3.16 Billion Cycles

 

Member Austin Quig-Hartman sent in a reference to this very cool clock project by Che-Wei Wang.  It reminds me of a clock version of Art Ganson’s “Machine with Concrete.”  What I find really interesting is that the designer ended up with  3.16 billion cycles which is basically the average number of beats a human heart will beat in a lifetime.  I am not convinced the little belt drives will make it very long into the future, but a beautiful execution and thought process all around.

From the designers write up:

Can we watch decay? Can we see glass as a fluid slowly slumping and deforming over time? Everything is in constant flux, yet we consider many things around us static and fixed. 3.16 Billion Cycles is an attempt to unravel a seemingly unchanging 100 years into a set of relationships in digestible increments.
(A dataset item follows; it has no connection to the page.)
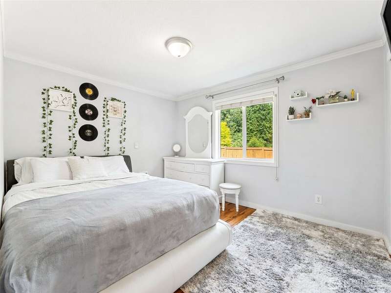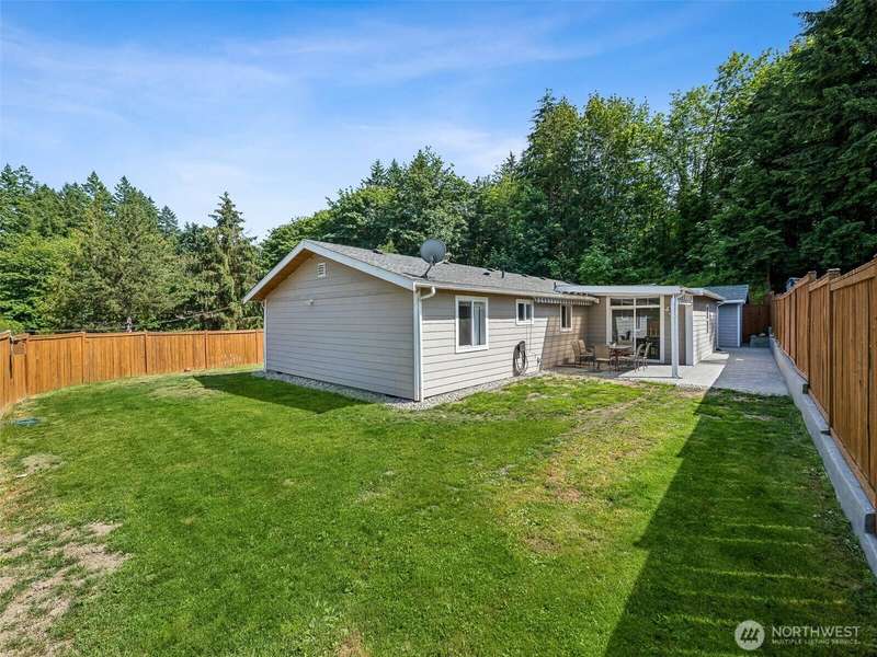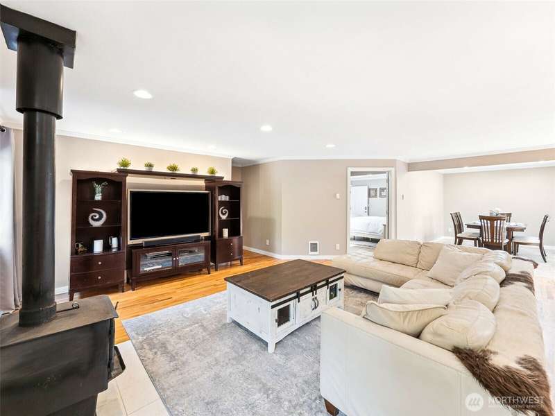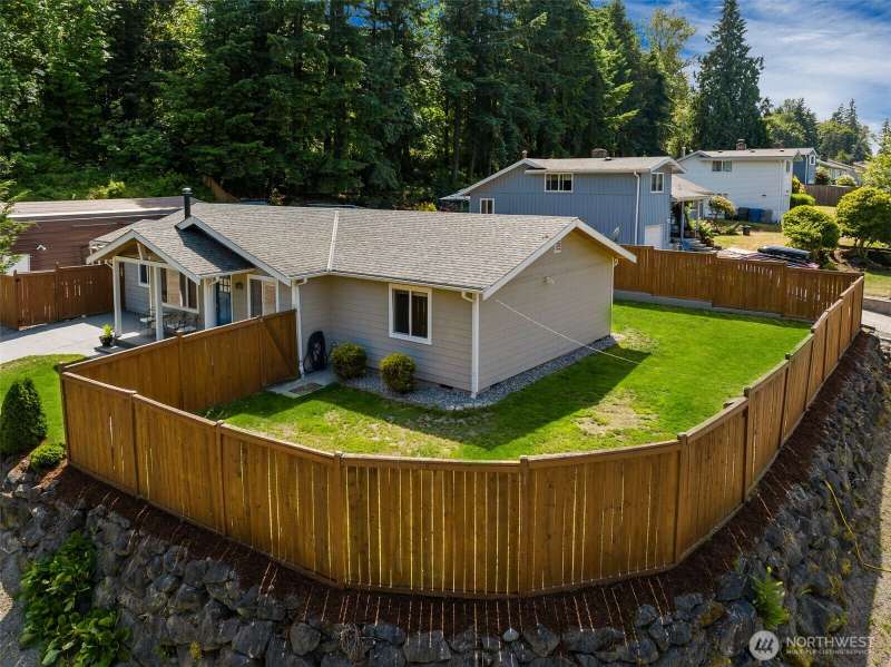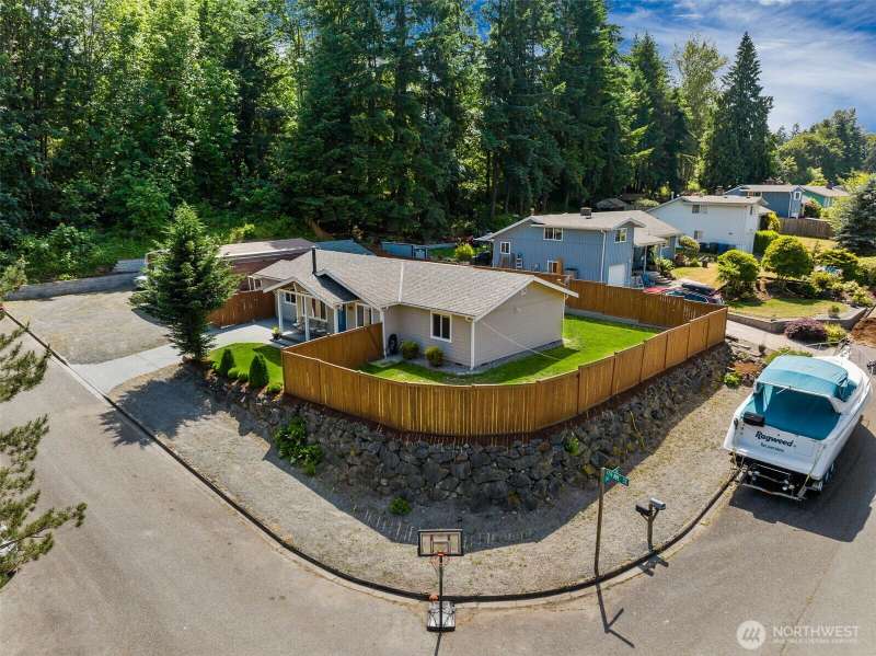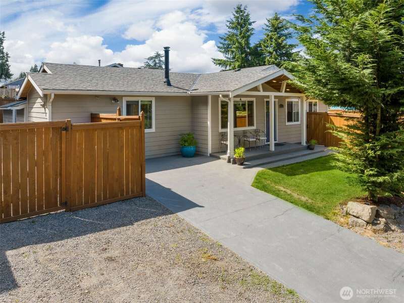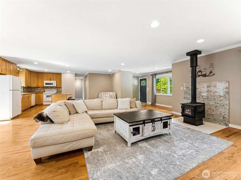 Beautifully updated rambler on a spacious corner lot at the end of a quiet dead-end street in the award-winning Issaquah School District. This home features an open layout with skylights and red oak hardwoods throughout. The living room centers around a wood-burning fireplace insert that heats the entire home. The remodeled kitchen boasts granite counters, center island, and quality cabinetry. Offers 3 bedrooms (2 plus bonus), including a serene primary suite with ¾ ensuite and sauna. Updated baths with new vanities, tile showers, and crown molding. Fully fenced backyard with mountain views, stamped concrete patio, and privacy. Detached garage/shop, RV/boat parking, and generator hookups. Minutes to HWY 169, I-405, and The Landing.

A 60 rpm (revolutions per minute) motor drives the entire mechanism. It rotates once every second. The following pulley rotates once every 5 seconds (1:5 ratio). The next rotates once every 60 seconds or 1 minute. Then 5 minutes, 1 hour, 1 day, 1 month, 1 year, and 1 decade. The decade wheel carries the load of the large arc. The large arc rotates once every century. The final ratio between the 60 rpm motor and the large arc is approximately 1:31.6 billion.

Each wheel is marked with a black nut to highlight a position that could be tracked over time. Along the arc, 100 lines mark the divisions of each passing year. When the clock finally reaches the end of a 100 year cycle, the arc falls off its track onto the floor.